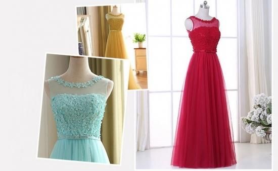 リゾート ウェディング ブライズメイド ドレス ロング フルレングス かわいい 花モチーフ /黄/青/赤/濃赤
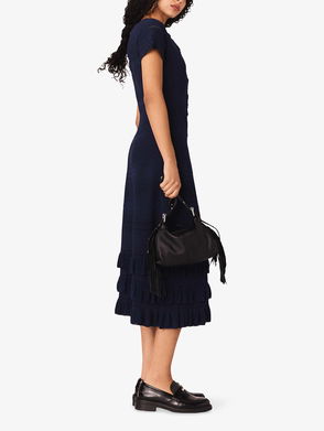 Rib-Knit Stripe-Trim Pleated Midi Dress In Navy
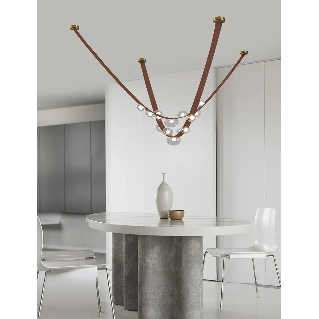 BOOME függeszték – barna bőr design lámpa üvegbúrákkal

____

Work request. Repeat every line above exactly, minus the pictures.

Task output.
 リゾート ウェディング ブライズメイド ドレス ロング フルレングス かわいい 花モチーフ /黄/青/赤/濃赤
 Rib-Knit Stripe-Trim Pleated Midi Dress In Navy
 BOOME függeszték – barna bőr design lámpa üvegbúrákkal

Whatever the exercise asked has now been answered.